Nego do Borel was soon signed to Sony Music and released three albums in 2014: the two extended plays MC Nego do Borel, É Ele Mesmo and the live television DVD Da Lama a Ostentação – Ao Vivo. The first album was released on 29 April 2014 and the second album was released on 19 August 2014. That same year, Nego released the song "Menina Má" from the DVD Da Lama a Ostentação featuring Melanina Carioca.

===2015–present: Nego Resolve and Appearance on TV===
In 2015, Nego do Borel released his first studio album Nego Resolve which included the singles "Não Me Deixe Sozinho", "Janela Aberta" e "Nego Resolve". The single "Não Me Deixe was released on 8 July 2015 on the digital platforms ITunes, Google Play and media flow services Spotify, Tidal and Apple Music.
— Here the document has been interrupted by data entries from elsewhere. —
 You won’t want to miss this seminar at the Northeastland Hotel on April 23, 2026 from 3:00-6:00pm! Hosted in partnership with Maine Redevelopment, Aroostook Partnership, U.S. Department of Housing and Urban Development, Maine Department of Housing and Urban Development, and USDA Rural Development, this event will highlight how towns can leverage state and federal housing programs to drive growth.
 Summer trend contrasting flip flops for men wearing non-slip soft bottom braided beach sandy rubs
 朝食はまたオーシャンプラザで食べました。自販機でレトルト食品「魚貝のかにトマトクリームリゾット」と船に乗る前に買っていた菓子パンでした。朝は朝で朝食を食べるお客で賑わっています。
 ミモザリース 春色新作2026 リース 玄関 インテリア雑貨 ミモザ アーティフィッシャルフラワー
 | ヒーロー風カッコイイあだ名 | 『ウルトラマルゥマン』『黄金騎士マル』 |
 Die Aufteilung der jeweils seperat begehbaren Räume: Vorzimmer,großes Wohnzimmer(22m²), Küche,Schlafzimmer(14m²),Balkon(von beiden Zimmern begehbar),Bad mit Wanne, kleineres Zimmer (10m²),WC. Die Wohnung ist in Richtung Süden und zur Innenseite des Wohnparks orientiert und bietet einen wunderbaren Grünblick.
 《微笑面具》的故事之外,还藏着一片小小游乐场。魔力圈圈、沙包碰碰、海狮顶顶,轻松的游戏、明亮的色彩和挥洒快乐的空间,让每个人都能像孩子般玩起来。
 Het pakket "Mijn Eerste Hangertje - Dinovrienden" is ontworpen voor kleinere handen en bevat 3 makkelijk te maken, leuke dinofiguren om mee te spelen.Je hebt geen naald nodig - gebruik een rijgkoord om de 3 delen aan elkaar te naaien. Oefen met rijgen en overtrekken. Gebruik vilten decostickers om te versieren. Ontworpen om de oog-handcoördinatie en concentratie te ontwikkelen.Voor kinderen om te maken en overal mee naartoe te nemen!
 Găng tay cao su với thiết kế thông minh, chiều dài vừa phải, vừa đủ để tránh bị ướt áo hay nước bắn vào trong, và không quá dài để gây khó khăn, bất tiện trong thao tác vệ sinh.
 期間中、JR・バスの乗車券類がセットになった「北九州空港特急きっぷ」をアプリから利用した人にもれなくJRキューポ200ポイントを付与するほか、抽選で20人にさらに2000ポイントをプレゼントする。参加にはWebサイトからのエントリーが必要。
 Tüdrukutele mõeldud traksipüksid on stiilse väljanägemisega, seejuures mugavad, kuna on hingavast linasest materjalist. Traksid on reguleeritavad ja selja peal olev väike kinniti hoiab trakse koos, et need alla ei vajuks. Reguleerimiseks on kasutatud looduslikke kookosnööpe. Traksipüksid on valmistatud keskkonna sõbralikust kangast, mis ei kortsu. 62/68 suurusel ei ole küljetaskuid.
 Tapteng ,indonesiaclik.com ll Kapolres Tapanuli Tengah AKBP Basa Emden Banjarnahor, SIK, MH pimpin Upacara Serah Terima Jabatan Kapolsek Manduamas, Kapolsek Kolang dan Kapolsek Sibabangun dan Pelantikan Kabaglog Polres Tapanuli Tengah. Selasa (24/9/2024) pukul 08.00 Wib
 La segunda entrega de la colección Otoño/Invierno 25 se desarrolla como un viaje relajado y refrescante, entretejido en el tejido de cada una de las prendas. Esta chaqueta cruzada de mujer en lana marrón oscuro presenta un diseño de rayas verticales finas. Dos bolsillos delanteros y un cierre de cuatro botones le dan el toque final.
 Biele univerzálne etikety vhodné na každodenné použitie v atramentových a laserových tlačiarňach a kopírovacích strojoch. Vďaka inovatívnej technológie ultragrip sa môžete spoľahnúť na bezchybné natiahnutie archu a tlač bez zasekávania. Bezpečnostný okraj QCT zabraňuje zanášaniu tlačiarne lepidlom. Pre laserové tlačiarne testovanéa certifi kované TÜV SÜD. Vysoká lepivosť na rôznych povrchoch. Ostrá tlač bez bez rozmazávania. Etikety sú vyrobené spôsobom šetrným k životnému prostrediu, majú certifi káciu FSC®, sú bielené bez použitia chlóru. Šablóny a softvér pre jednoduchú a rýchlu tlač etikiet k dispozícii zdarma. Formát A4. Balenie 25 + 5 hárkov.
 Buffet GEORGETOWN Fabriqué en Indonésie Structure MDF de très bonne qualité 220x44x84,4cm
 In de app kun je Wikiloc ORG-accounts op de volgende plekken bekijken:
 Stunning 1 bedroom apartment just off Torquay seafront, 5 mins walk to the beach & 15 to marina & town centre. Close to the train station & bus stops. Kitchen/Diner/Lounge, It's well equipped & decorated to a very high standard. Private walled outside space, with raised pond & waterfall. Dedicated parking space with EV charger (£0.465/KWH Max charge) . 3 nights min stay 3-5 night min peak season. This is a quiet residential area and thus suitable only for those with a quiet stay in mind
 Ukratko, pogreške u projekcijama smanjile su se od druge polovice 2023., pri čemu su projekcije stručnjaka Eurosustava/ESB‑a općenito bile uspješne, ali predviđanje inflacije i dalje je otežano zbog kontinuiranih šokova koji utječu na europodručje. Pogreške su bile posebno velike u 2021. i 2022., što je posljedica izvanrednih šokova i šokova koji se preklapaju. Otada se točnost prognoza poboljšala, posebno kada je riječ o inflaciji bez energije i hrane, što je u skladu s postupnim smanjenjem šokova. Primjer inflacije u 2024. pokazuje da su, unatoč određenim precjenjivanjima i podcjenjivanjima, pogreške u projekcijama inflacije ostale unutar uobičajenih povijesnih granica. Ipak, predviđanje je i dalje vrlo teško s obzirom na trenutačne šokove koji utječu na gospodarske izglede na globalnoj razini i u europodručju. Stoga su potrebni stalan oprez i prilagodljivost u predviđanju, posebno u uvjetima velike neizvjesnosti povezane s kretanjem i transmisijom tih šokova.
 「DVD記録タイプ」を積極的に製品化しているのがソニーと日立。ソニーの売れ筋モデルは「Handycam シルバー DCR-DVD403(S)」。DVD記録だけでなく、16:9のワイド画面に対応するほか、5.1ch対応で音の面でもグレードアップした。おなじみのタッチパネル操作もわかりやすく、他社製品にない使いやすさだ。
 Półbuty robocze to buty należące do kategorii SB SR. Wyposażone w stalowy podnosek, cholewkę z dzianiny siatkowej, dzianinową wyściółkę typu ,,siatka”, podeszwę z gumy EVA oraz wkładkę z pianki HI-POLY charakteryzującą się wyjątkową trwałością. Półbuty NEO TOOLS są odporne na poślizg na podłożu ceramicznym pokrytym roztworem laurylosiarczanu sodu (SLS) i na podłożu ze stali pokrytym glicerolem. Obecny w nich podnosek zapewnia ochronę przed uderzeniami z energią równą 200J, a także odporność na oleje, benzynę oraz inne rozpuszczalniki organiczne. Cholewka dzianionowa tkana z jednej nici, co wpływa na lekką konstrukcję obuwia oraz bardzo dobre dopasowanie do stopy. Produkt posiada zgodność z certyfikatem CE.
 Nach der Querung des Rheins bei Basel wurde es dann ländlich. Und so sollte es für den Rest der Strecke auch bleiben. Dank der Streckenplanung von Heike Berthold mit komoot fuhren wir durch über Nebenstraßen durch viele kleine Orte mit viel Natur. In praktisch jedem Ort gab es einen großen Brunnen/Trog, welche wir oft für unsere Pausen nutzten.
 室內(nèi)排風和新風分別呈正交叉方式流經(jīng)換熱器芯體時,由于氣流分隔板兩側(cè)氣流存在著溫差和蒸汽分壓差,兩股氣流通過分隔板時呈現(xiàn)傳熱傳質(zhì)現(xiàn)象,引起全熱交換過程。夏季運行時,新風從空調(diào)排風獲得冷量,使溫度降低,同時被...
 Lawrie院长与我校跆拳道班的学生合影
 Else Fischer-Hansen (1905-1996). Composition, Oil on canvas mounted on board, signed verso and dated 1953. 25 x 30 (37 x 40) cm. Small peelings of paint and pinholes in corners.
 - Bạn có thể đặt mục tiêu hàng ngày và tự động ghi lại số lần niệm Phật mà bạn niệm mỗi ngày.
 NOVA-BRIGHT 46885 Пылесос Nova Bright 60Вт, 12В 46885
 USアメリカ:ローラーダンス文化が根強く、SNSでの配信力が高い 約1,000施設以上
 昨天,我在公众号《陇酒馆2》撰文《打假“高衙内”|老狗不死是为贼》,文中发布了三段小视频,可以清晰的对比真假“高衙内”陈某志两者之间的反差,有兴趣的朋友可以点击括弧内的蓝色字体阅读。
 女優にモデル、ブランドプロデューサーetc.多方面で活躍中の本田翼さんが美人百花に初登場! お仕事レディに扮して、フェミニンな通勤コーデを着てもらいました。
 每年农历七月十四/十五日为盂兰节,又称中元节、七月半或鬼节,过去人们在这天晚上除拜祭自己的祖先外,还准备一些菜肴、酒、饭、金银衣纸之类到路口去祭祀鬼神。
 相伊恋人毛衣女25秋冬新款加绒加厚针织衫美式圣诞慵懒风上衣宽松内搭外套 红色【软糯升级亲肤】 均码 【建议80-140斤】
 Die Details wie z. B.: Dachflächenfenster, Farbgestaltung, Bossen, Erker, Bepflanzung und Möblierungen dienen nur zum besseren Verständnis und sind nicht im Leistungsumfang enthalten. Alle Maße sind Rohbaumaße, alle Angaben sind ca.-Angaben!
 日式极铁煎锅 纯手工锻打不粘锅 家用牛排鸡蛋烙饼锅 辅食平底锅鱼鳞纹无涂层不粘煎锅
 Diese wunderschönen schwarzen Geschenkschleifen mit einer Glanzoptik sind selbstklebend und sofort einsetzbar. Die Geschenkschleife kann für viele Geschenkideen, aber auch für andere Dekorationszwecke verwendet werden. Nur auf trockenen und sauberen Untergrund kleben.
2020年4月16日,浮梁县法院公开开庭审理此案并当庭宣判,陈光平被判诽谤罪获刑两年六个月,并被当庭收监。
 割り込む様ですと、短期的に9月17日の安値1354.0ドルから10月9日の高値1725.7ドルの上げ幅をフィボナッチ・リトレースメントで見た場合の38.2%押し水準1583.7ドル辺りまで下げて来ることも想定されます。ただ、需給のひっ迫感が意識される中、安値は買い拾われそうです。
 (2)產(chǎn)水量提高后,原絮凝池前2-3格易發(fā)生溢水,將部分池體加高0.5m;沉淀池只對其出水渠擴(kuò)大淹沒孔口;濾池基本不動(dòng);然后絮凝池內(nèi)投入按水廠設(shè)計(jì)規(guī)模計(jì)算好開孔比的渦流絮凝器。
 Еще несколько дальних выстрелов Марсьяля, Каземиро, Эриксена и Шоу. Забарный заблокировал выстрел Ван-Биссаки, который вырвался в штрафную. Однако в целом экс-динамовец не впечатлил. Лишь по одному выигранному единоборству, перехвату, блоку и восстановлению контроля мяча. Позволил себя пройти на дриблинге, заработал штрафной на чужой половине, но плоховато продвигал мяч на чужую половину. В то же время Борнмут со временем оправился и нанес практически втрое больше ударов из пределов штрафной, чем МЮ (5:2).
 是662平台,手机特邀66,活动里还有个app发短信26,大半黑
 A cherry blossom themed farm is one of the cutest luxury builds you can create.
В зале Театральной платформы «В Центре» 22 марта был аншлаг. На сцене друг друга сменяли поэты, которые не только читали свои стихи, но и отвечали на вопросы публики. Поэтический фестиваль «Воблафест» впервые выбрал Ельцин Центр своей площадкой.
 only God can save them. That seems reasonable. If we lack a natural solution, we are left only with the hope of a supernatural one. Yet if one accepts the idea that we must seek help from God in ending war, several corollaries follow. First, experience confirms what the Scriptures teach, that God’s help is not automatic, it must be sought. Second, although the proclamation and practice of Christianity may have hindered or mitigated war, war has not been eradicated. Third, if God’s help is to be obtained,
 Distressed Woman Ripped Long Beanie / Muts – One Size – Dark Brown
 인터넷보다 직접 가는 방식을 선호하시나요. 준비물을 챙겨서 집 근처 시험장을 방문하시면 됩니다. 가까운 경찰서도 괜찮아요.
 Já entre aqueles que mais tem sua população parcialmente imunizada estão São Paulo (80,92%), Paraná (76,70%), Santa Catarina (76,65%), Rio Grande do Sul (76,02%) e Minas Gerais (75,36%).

Nego collaborated with singer Anitta on her third studio album Bang.

== Artistry ==
=== Influences ===
Nego do Borel cites Brazilian funk carioca singer Menor do Chapa as his biggest influence.

=== Alter egos ===
Nego do Borel portrays the character Nega da Boreli (meaning "black woman from Boreli"), who caricatures a travesti from a suburb and claims to be the girlfriend of Nego do Borel. She also envies female dancers from Bonde das Maravilhas (meaning "team of wonders").

== Controversies ==
Nego do Borel had two marked interviews on 20 March 2013; one for The Noite com Danilo Gentilli and another for Agora é Tarde. After participating with Danilo Gentili's program to play a joke with Rafinha Bastos, the funk artist was called by Gentili to remain in the SBT, causing his participation in "Agora é Tarde" to be cancelled. Shortly after, Nego was called by Gentili to participate in the framework of "Programa do Ratinho". According to his businessman Nino, the interview scheduled for that day had to be to rebooked for another week.

==Discography==

===Albums===
- MC Nego do Borel (2014)
- É Ele Mesmo (2014)
- Nego Resolve (2015)

===Singles===
====As lead artist====

| Title | Charts | Album |
BRA Billboard
| "Os Caras do Momento" | — | MC Nego do Borel & É Ele Mesmo |
| "Bonde dos Brabos" | — |
| "Brincadeira das Maravilhas (Eu Adoro, Eu Me Amarro)" | — |
| "Diamante de Lama" | — |
| "Quero Usufruir" | — | É Ele Mesmo |
| "Menina Má" | — | Da Lama à Ostentação |
| ''Não Me Deixe Sozinho'' | — | Nego Resolve |
| ''Janela Aberta'' | — |
| ''Nego Resolve'' | — |
| "Pretinha Vou Te Confessar" | — |
| "Hoje é Dia de Maldade" | — | TBA |
| "Ela Vai Além" | — |
| "Você Partiu Meu Coração" (feat. Anitta & Wesley Safadão) | 21 |
| "Esqueci Como Namora" (feat. Maiara e Maraísa) | 38 |
"—" denota singles que não entraram nas paradas musicais.